Yes, you pointed the error in this primary draft. The major deletion (var1) should be 23585-23599 (CAGACTCAGACTAAT; corresponding to amino acids QTQTN). You may get an alignment with the deletion at +2 in front of this since it is the same for these two deletions for nt alignments: CAGACTCAGACTAAT or ATCAGACTCAGACTA. However, the first one is more likely the case since it will not cause a frameshift mutation. Many thanks for pointing this.

It seems I can not edit the post anymore. The correct position for these deletions should be:

Thanks Jing,

I don’t think that the +2 version encodes a frameshift either, as the resulting codon sequence is also ‘TAT’ encoding a tyrosine (thought that was pretty cool) when splicing the first nucleotide upstream of the deletion with the two nucleotides downstream of the deletion.


dave and shelby

Thanks dave. It would be more clear if you can show the alignment figure.

Sure! How is this:


Published Version of this post:

In my “Tackling…” thread here on virological, I have identified this spot as a breakpoint for recombination or hypervariability, involving the CAGAC repeat that appears just prior to the S1/S2 boundary. I would note that this is a very unusual area in being replete with palindromic sequences in the original sense, of being readable as the same in both directions on the same strand.

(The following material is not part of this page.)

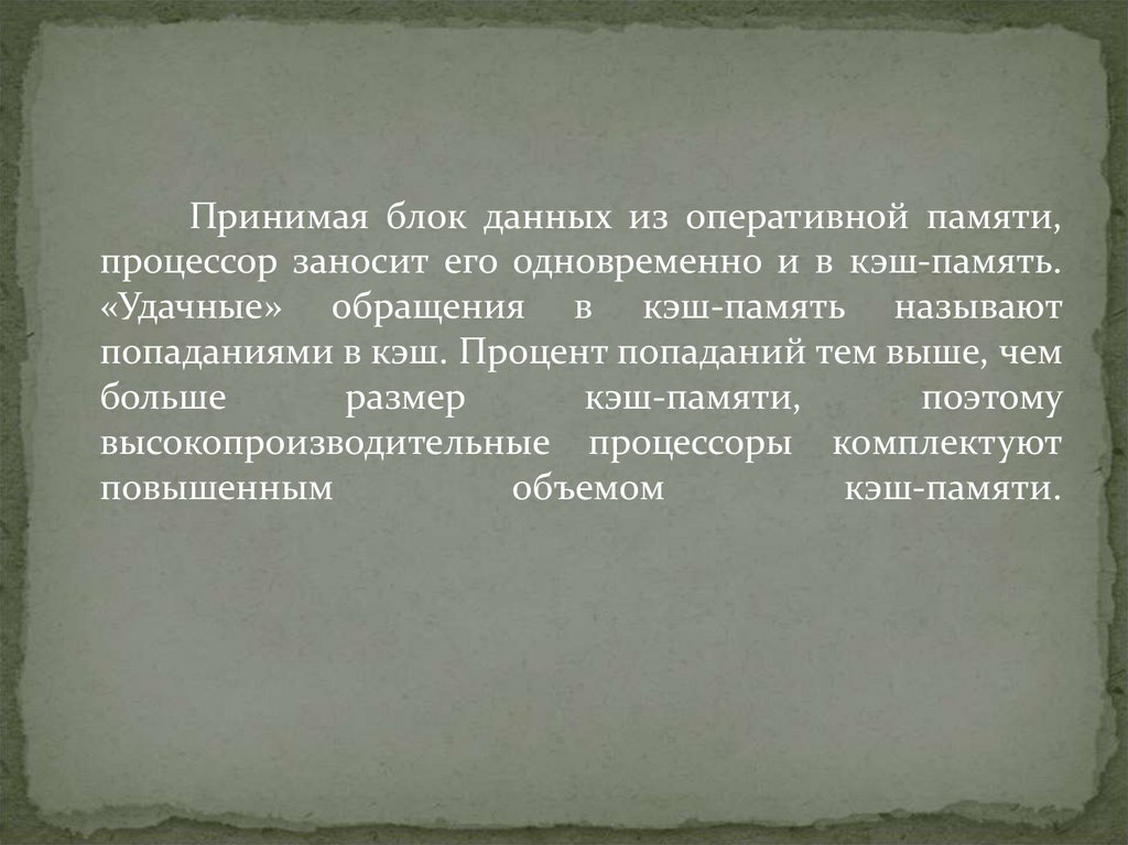 попаданиями в кэш. Процент попаданий тем выше, чем

ATCAGACTCAGACTA is a 15-mer palindrome, containing within it two CAGAC palindromes. Likewise, the insert itself that creates the furin site also contains two palindromes end to end. CTCCTC and GGCGG. This strains credulity as a coincidence.

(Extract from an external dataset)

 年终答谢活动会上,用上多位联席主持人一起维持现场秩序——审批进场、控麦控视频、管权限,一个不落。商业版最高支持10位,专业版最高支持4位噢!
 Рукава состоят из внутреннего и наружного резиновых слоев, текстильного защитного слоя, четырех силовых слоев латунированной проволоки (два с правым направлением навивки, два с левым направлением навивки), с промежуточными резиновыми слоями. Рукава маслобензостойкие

I have a paper under review now, describing the “breakpoint sequence” hypothesis I have put forward over on the “Tackling…” thread here. There are certain places in the genome predisposed, by sequence or RNA structure or both, to be preferred sites of variability. Since coronaviruses have a proofreading function to protect its very long genome from destructive effects of mutation, they appear to adapt by copy-choice recombination - a lot – and there must be a way of exchanging out blocks of genetic information in a nonrandom way to protect functional domains. This S1/S2 site is the site of some of the greatest hypervariability in the virus family, in spite of it being a key site for endoproteolytic maturation of the S protein complex. However ironic it may seem, adapting to differences in host endoproteolytic enzymes may be a way of quickly adapting to new hosts. If so, it would not be surprising if adaptation to cell culture would rapidly select for such variants as these. It is a “hot spot” with a purpose.

Bill Gallaher

Hi Gallaher,
This is very enlightening. I think it is the most reasonable explanation for the quick and frequent emergence of the deletion variants. ATCAGACTCAGACTA deletion is one amino acid ahead of furin site and I don’t know whether it will affect the furin cleavage efficiency or not. I think the adaptation of this deletion variant maybe not related to endoproteolytic enzymes. We saw the rise and down of the ratio of this deletion variant in an animal infection model. Hope we can find some mechanism behind. Thanks for sharing your idea.